> Work required: There should be no pictures in your answer, only an exact copy of the lines from the one with "Og så plutselig" through the end of the material.

> Supplied data:
::::

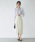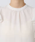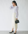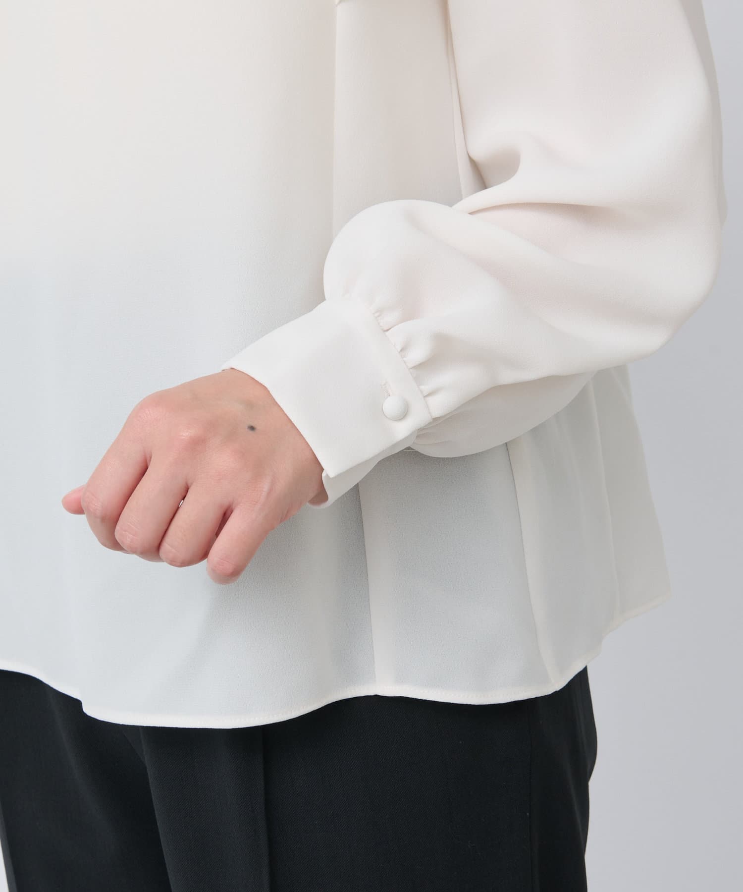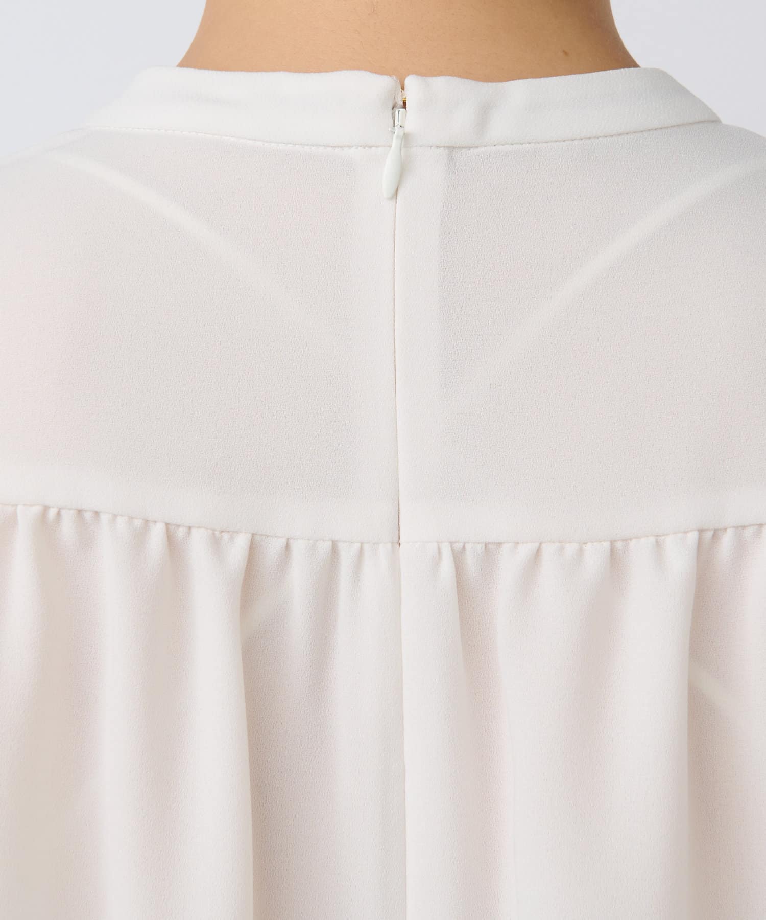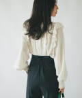 縦切り替えにラッフルを挟み込んだ大人フェミニンブラウス
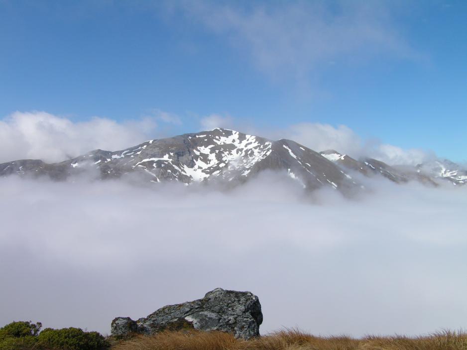 Og så plutselig - som ved et trylleslag – glir skyene ned langs fjellsiden og himmelen åpner seg foran oss.Begeistringen vil ingen ende ta. Nå kan vi se fjell rundt oss. Betagende fjell med snø på toppene.Nå er anstrengelsene ikke lenger forgjeves og med ett er humøret steget adskillige hakk. Mot vest kan vi se fjellkjeden – Tasman Mountains – og rett ovenfor oss reiser Mount Arthur seg med sine 1.795 meter.
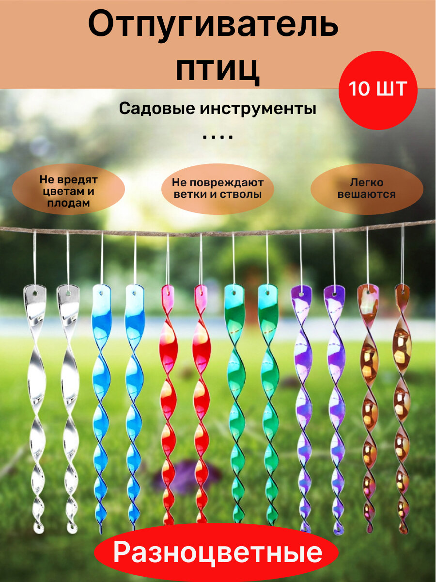 10 цен на Отпугиватель птиц вращающийся стержень. Отражающее спиральное устройство для сада, огорода и дома. Защита растений от вредителей. Разноцветные.

::::

> Reply to the task:
 Og så plutselig - som ved et trylleslag – glir skyene ned langs fjellsiden og himmelen åpner seg foran oss.Begeistringen vil ingen ende ta. Nå kan vi se fjell rundt oss. Betagende fjell med snø på toppene.Nå er anstrengelsene ikke lenger forgjeves og med ett er humøret steget adskillige hakk. Mot vest kan vi se fjellkjeden – Tasman Mountains – og rett ovenfor oss reiser Mount Arthur seg med sine 1.795 meter.
 10 цен на Отпугиватель птиц вращающийся стержень. Отражающее спиральное устройство для сада, огорода и дома. Защита растений от вредителей. Разноцветные.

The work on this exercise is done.